How severe does this issue affect your experience of using Ray?
- Low/Medium: It contributes to significant difficulty to complete my task, but I can work around it.
I have a basic MultiAgentEnv
that runs fine with PPO.train() (or so it appears, I’m still learning Ray) but fails with tune.Tuner.fit(). The error is:
ValueError: The two structures don't have the same nested structure.
First structure: type=ndarray str=[0.1 0. ]

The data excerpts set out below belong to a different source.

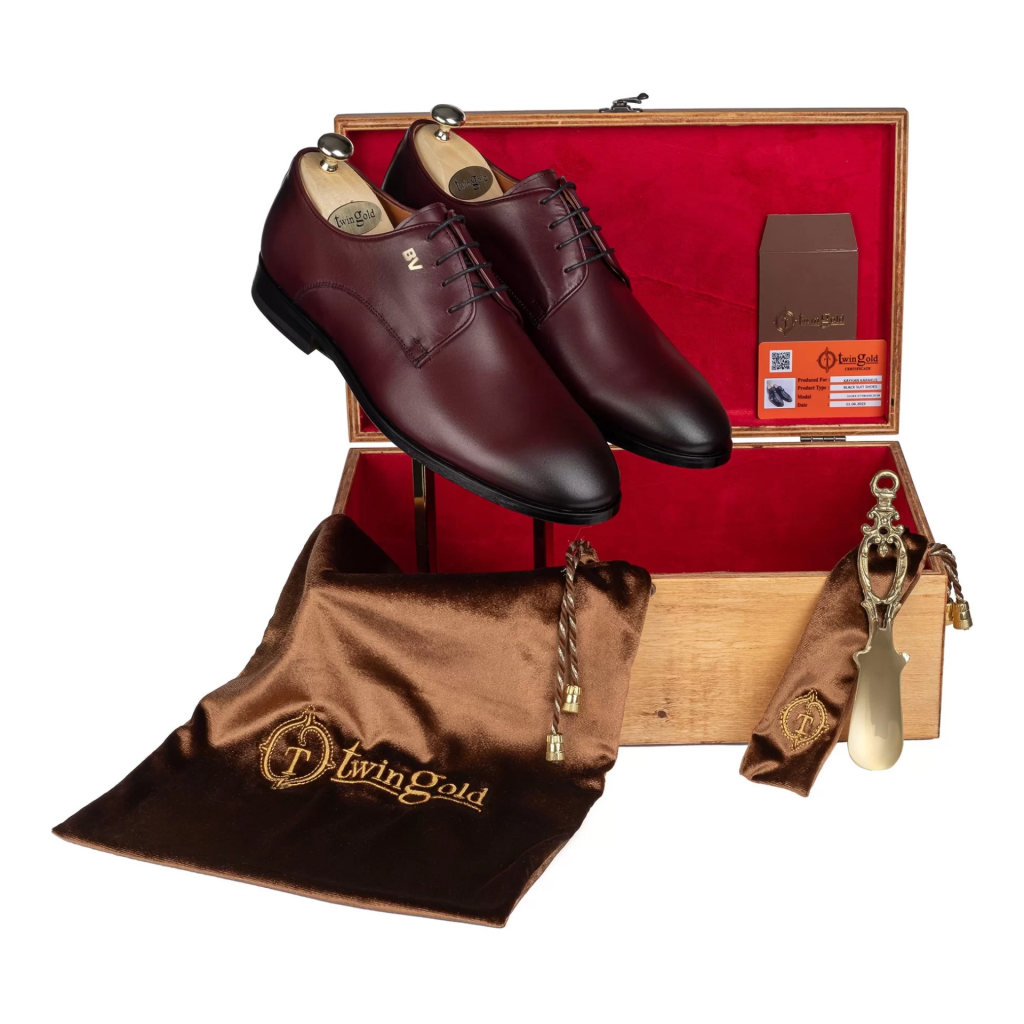 Altın harfli ayakkabılarımız ahşap kutusunda, meşe kalıp, pirinç çekecek, altın sertifikası ve toz torbasıyla birlikte gönderilmektedir.
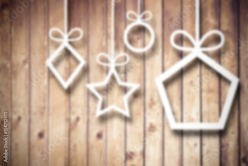 © vectorfusionart, Obraz premium Blurred christmas decorations on wood
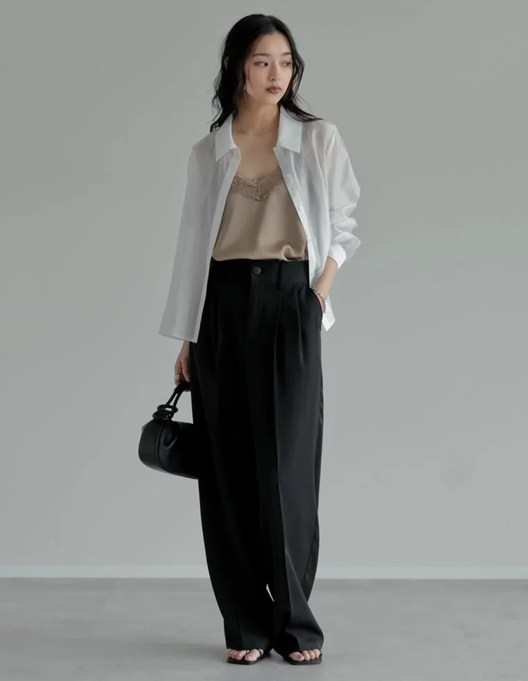 ① 透け感素材で一気に今っぽく
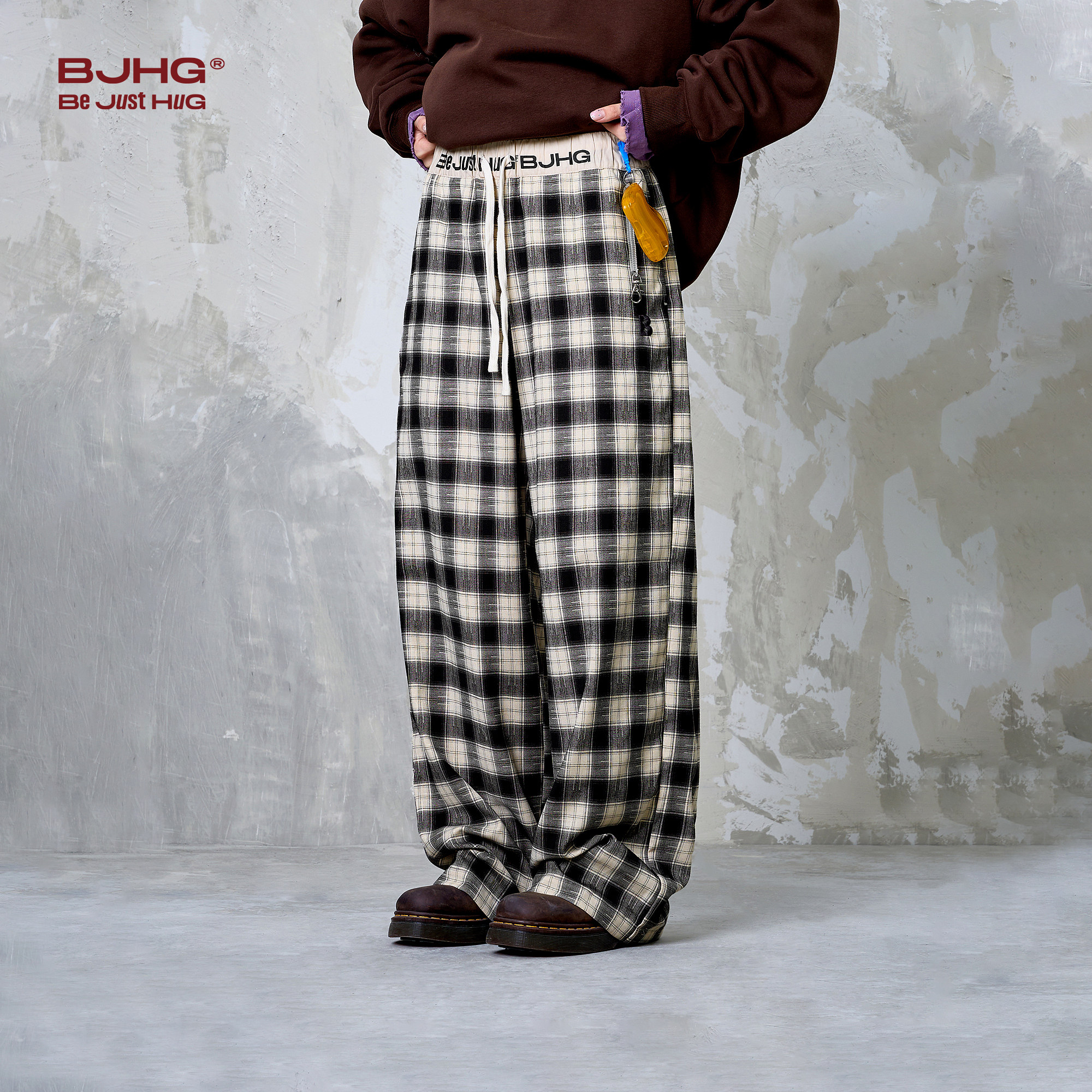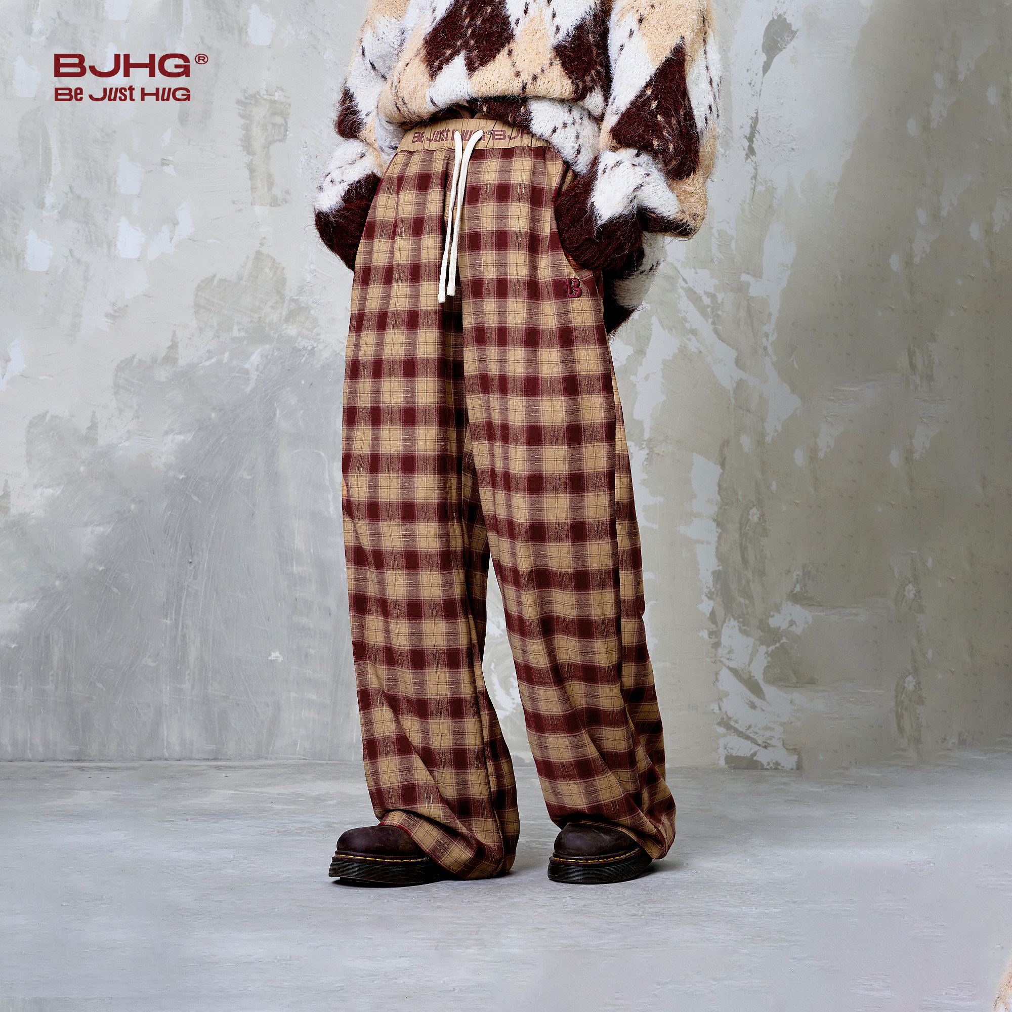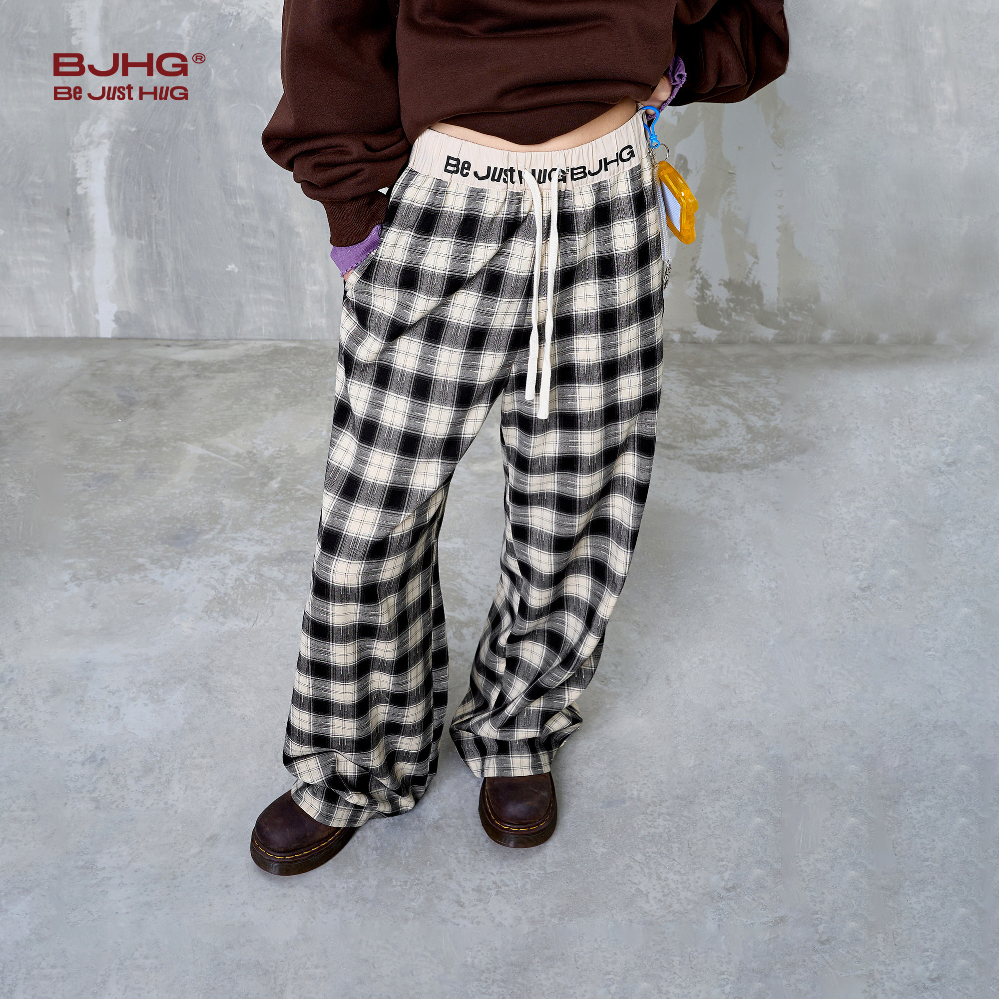 BJHG不计后果圣诞格子裤休闲裤子女款春季新款美式宽松情侣休闲裤

Second structure: type=OrderedDict str=OrderedDict([('agent_0', array([ 8.450692e+17, -5.816952e+16], dtype=float32)), ('agent_1', array([-7.0000346e+17, -9.6193201e+17], dtype=float32)), ('agent_2', array([-5.5688862e+17, 7.0265260e+17], dtype=float32)), ('agent_3', array([6.6857392e+17, 8.4390335e+17], dtype=float32)), ('agent_4', array([2.0008603e+17, 1.2134728e+17], dtype=float32)), ('agent_5', array([3.9633845e+17, 7.5621022e+17], dtype=float32)), ('agent_6', array([ 8.7897234e+17, -3.4141877e+17], dtype=float32)), ('agent_7', array([-3.0604514e+17, 3.4147052e+17], dtype=float32)), ('agent_8', array([-6.072403e+17, -9.624188e+17], dtype=float32)), ('agent_9', array([-4.1622738e+17, -5.9749262e+17], dtype=float32))])
More specifically: Substructure "type=OrderedDict str=OrderedDict([('agent_0', array([ 8.450692e+17, -5.816952e+16], dtype=float32)), ('agent_1', array([-7.0000346e+17, -9.6193201e+17], dtype=float32)), ('agent_2', array([-5.5688862e+17, 7.0265260e+17], dtype=float32)), ('agent_3', array([6.6857392e+17, 8.4390335e+17], dtype=float32)), ('agent_4', array([2.0008603e+17, 1.2134728e+17], dtype=float32)), ('agent_5', array([3.9633845e+17, 7.5621022e+17], dtype=float32)), ('agent_6', array([ 8.7897234e+17, -3.4141877e+17], dtype=float32)), ('agent_7', array([-3.0604514e+17, 3.4147052e+17], dtype=float32)), ('agent_8', array([-6.072403e+17, -9.624188e+17], dtype=float32)), ('agent_9', array([-4.1622738e+17, -5.9749262e+17], dtype=float32))])" is a sequence, while substructure "type=ndarray str=[0.1 0. ]" is not
Entire first structure:
.
Entire second structure:
OrderedDict([('agent_0', .), ('agent_1', .), ('agent_2', .), ('agent_3', .), ('agent_4', .), ('agent_5', .), ('agent_6', .), ('agent_7', .), ('agent_8', .), ('agent_9', .)])
(PPO pid=16357) 2023-12-01 20:39:59,702 ERROR actor_manager.py:500 -- Ray error, taking actor 1 out of service. ray::RolloutWorker.apply() (pid=16362, ip=127.0.0.1, actor_id=9d3d30bad174b049a0aebe7f01000000, repr=<ray.rllib.evaluation.rollout_worker.RolloutWorker object at 0x1483ff0a0>)
The code is here in a simplified form. Up until line 275 is just setup and class definitions. PPO.train() is run on line 309. tune.Tuner.fit() is run on line 341. The error clearly indicates that tune.Tuner.fit() is comparing the observation output of a single agent to the observation of all agents but I’m not sure why and even more confusing, the exact same class works with PPO.train(). I’m not sure what the difference is between the two, but I’m guessing it has something to do with the way the MultiAgentEnv
is being used under the hood. Any help to get it working with tune.Tuner.fit() would be greatly appreciated!